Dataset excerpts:

╔══

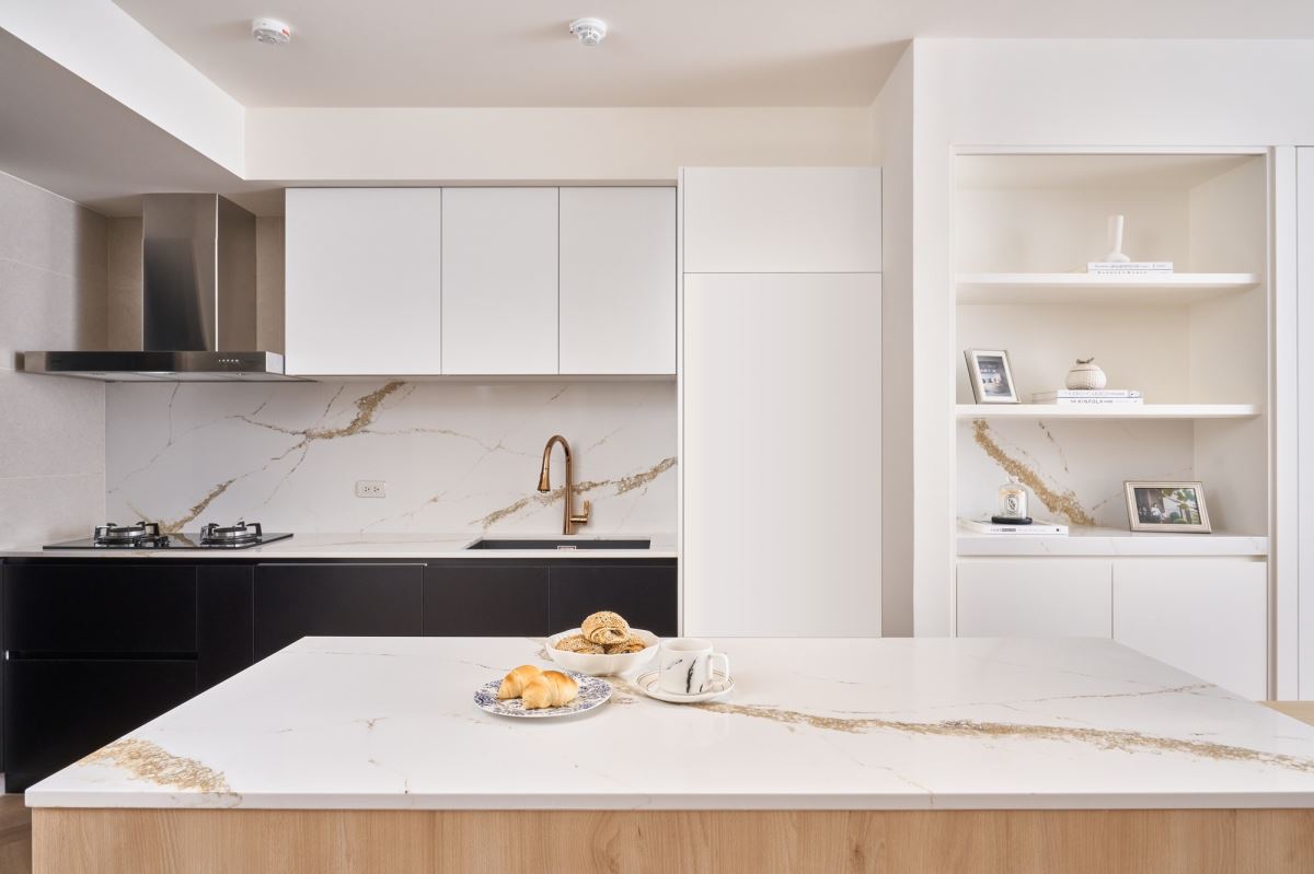 為了實現內外廚的高效運作,張總監在水電配置上花了不少心思,他考量屋主一家的使用動線,大幅調整廚房的管線位置,確保內外廚的給排水順暢。除此之外,由於室內主牆以淺色為主,所以挑選了深色的櫥櫃款式,搭配黑色鏡面的 svago 進口廚電,讓視覺更有層次,並將機能及收納自然融入俐落造型中。
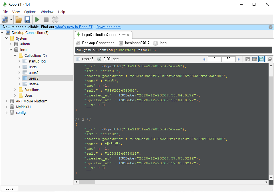 salt 속성에도 값이 들어있는데 이 값은 문서 객체가 저장될 때마다 변경된다. 다시 한 번 웹 브라우저를 열고 로그인 사이트에 접속한다.
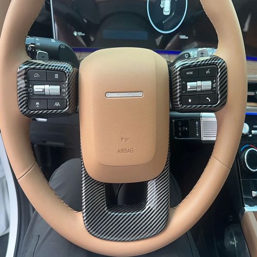 適用: ヒュンダイ/現代/HYUNDAI サンタフェ サンタフェ 2023 2024 ステアリング ホイール パネル カバー トリム ステッカー インテリア ABS カーボンファイバー・ABS ブラック SR-AA-3702
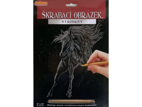 Škrabací obrázek stříbrný 20x25cm - Kůň
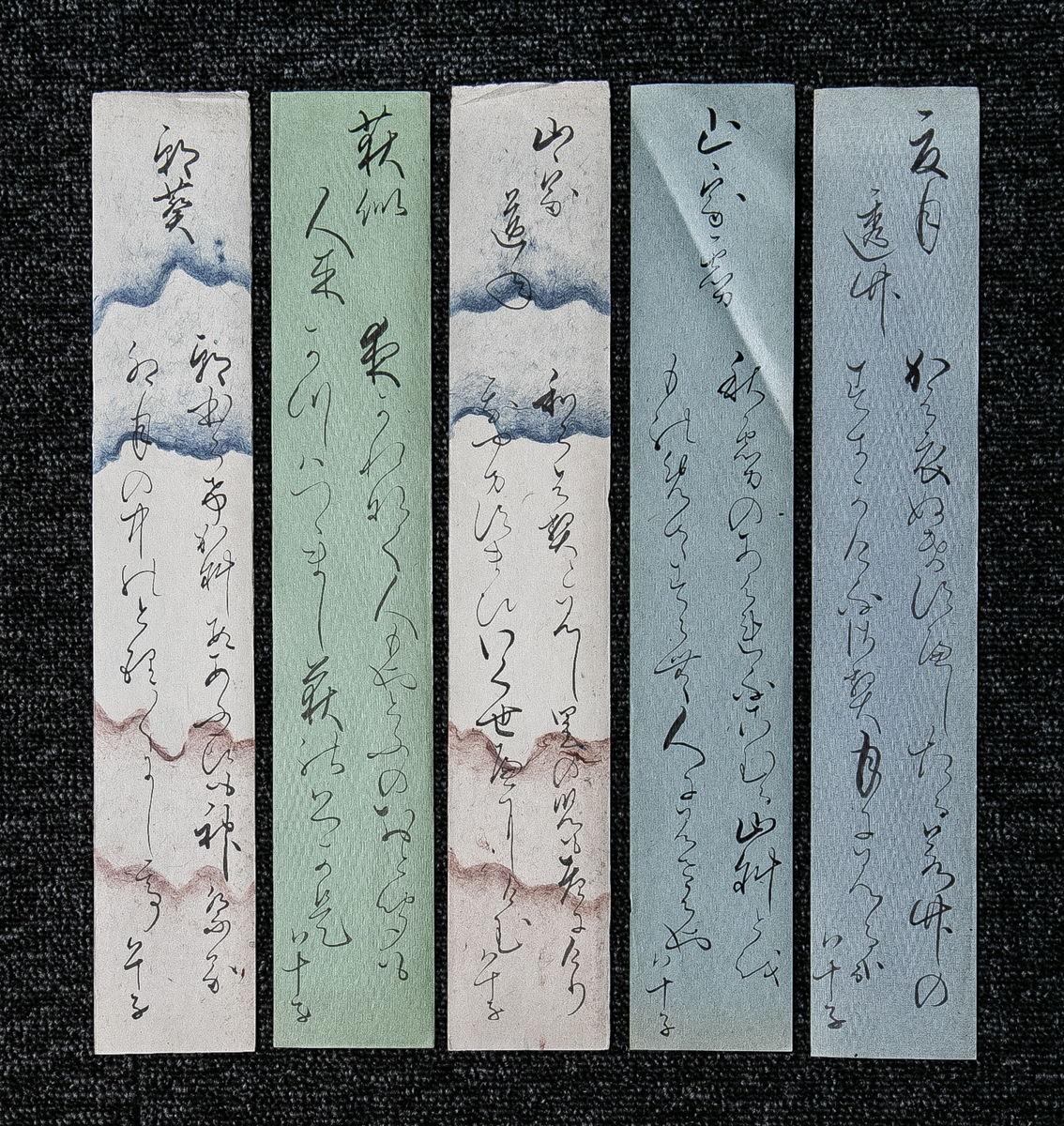 - 短冊-2322 間宮八十子 短冊五葉 薄手の短冊 幕末明治期の国学者 久米幹文の姉【真作】
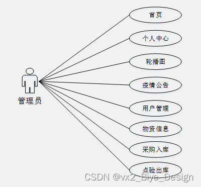 (3)确定好系统使用的技术,进行在线确认系统所划分的用户角色,并且根据用户角色划分确定所要设计的功能模块,对于南宁市抗疫物资管理小程序系统的设计主要划分别为管理员和用户角色,并所使用的功能模块也相应不同,但是系统的数据库实现的内容是交互的,用户可以随时根据自己的需求进行课程信息,对于系统工作人员可以根据自己的分管内容进行在线信息的处理及操作,管理员获取到所有用户的详细数据信息,并根据需求进行第一时间处理解决。
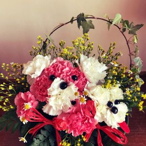 母の日のアレンジメント。 カーネーションを使って犬と熊にしてみました。毎年、このアレンジメントは、大人気です。自分で作る時は、熊は、カーネーション8本、犬は6本必要ですよ。
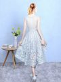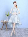Great Light Blue A-line Lace Wedding Guest Dresses Zipper Lace Sleeveless High Low
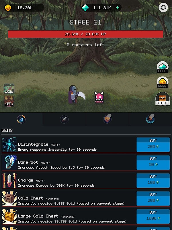 Toutes les fonctionnalités inactives incrémentales bien connues, avec une musique relaxante, de superbes graphismes pixelisés à l'ancienne et des éléments de RPG. Affrontez des monstres et des boss, collectez des reliques et faites progresser votre guerrier dans ce RPG mobile épique en combat automatique.
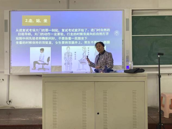 王晓梅教授首先强调了复试礼仪的重要性,聚焦同学们面对的线上、线下复试中存在的常规问题,从面试前的准备、仪容仪表仪态、表达技巧和沟通艺术等方面进行具体讲解,提出自我介绍、双机位摆放、网络调试、面试场所选择、面试着装原则、面试姿态仪容等针对性建议,帮助同学们提高线上面试效率,提升面试礼仪技巧。

╚══

* _YOUR GOAL_
Every line from the one holding "Great Light Blue" through the final line of the data above is to be reproduced exactly, both ends included, with the pictures left out.

* _SOLUTION FOR THIS TASK_
Great Light Blue A-line Lace Wedding Guest Dresses Zipper Lace Sleeveless High Low
 Toutes les fonctionnalités inactives incrémentales bien connues, avec une musique relaxante, de superbes graphismes pixelisés à l'ancienne et des éléments de RPG. Affrontez des monstres et des boss, collectez des reliques et faites progresser votre guerrier dans ce RPG mobile épique en combat automatique.
 王晓梅教授首先强调了复试礼仪的重要性,聚焦同学们面对的线上、线下复试中存在的常规问题,从面试前的准备、仪容仪表仪态、表达技巧和沟通艺术等方面进行具体讲解,提出自我介绍、双机位摆放、网络调试、面试场所选择、面试着装原则、面试姿态仪容等针对性建议,帮助同学们提高线上面试效率,提升面试礼仪技巧。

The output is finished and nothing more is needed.